ART | EXPO

La peinture autrement/2

26 Juin - 07 Nov 2011
Vernissage le 26 Juin 2011

Dans le cadre de l'évènement «L'art contemporain et la Côte d'Azur», l’exposition «La Peinture autrement» se divise en trois volets et retrace 60 ans de création. La deuxième partie, au musée national Marc Chagall, aborde quelques thématiques comme le tressage, la couture, la coulure ou encore les matériaux alimentaires.

Michel Blazy, Julien Bouillon, BP, Marc Chevalier, Dominique Figarella, Patrick des Gachons, Jean-Baptiste Ganne, Sandra Lecoq, Pascal Pinaud, Jérôme Robbe, Adrian Schiess, Cédric Teisseire, Wilson Trouvé.
La peinture autrement/2.

Le travail sur la couture, le patchwork, le tressage est l’une des voies explorées par les artistes pour questionner les données matérielles de la peinture. L’entrelacement de la trame de fils structure la toile, matériau de base du tableau de chevalet. Dans les années 70, les artistes se réapproprient les techniques artisanales ancestrales, dans un geste analytique de déstructuration du tableau.

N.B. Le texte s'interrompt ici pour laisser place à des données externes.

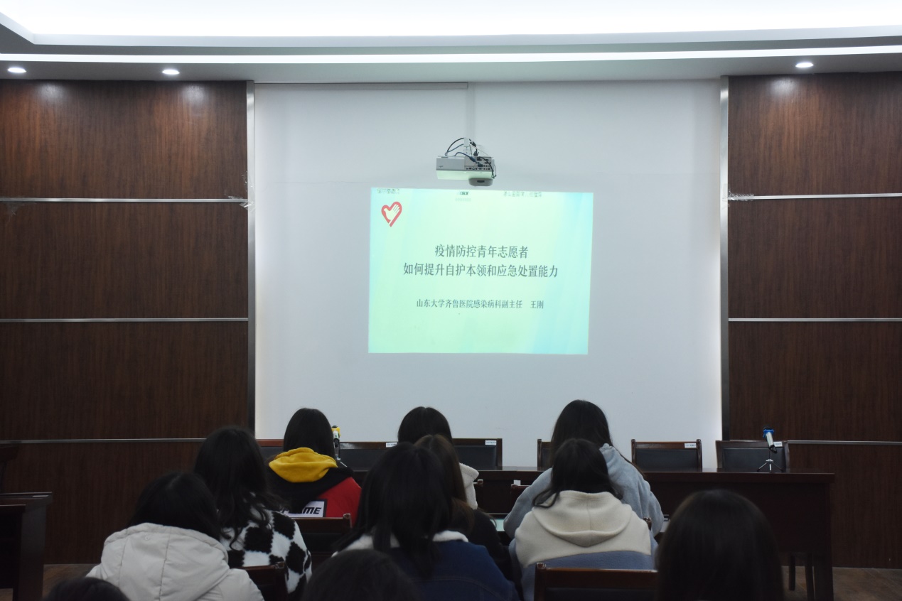 在本次培训直播中,山东大学齐鲁医院感染病科副主任王刚介绍了疫情防控的相关知识,从当今全球抗疫的整体情形切入,着重与疫情防控志愿者分享了应如何提升在防疫志愿服务活动中的自护能力和应急处理能力。培训全程严格按照疫情防控的相关要求,到场的员工骨干志愿者全员佩戴口罩,分散就坐,认真听讲,明确工作目标,切实提高认识。

Au sein de la génération suivante, et dans le souvenir des recherches de Supports/Surfaces, Sandra Lecoq tresse et coud ses chiffons d’atelier et des tissus multicolores en lieu et place du châssis et de la toile. L’utilisation de ces matériaux renvoie inévitablement aux activités considérées comme typiquement féminines (couture, tricot…), portée symbolique que Sandra Lecoq renverse en faisant de ses oeuvres des supports de messages féministes («Female wild soul»).

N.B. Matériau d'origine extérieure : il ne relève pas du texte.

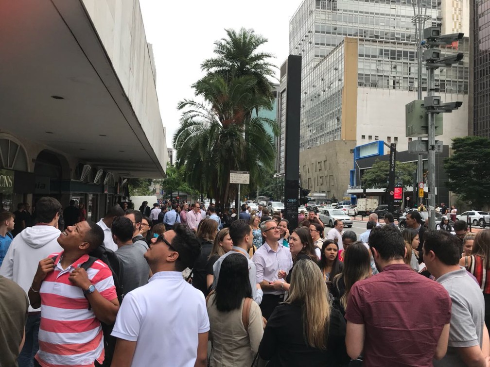 Pessoas deixam prédios na Paulista, em São Paulo (Foto: Rafael Alcadipani/Arquivo Pessoal )

Dans la remise en cause des codes traditionnels de la peinture, la planéité du tableau, appréhendé dans sa matérialité, est souvent préférée à la construction d’un espace fictif par la perspective. De même, les jeux de coulures, qu’ils soient dirigés par l’artiste ou non, vont à l’encontre de la conception classique de l’oeuvre d’art où prime la maîtrise de la main de l’artiste. Les oeuvres du groupe BP par exemple jouent sur la fluidité de la matière. Mais à la place de la peinture, c’est une coulée de pétrole qui est utilisée aussi bien pour ses qualités de brillance que pour sa valeur symbolique. L’huile de vidange, alimentée en permanence par une pompe, glisse sur la surface.

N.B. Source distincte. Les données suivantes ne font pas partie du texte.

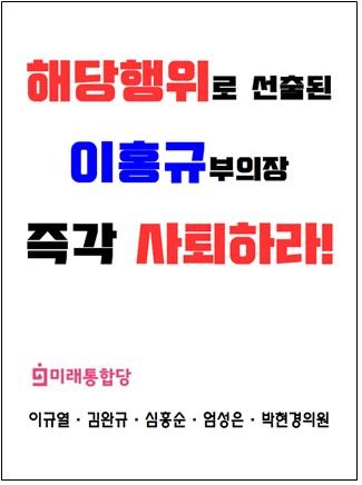 이 부의장에 대해서는"당론에도 불구하고 본인의 사욕을 위해 결정된 사항을 바꾸기 위해 본인에게 유리한 상황으로 원 구성을 유도한 해당행위로 분열을 초래하고 자존심과 위상을 심각하게 훼손시켰다"며 부의장직 사퇴를 촉구했다.

De nombreux artistes ont aussi choisi de transformer la nourriture en une matière créative. Réputés impropres à la peinture par leur nature périssable, ces matériaux inhabituels ouvrent de larges champs à l’expérimentation formelle. La nourriture renvoie bien sûr à une action fondamentale, celle de la cuisine ou du repas qui rythme les journées de chacun. Pascal Pinaud, fait griller des aliments sur une tôle métallique qui, une fois le repas terminé, a été poncée et vernie pour être accrochée comme un tableau.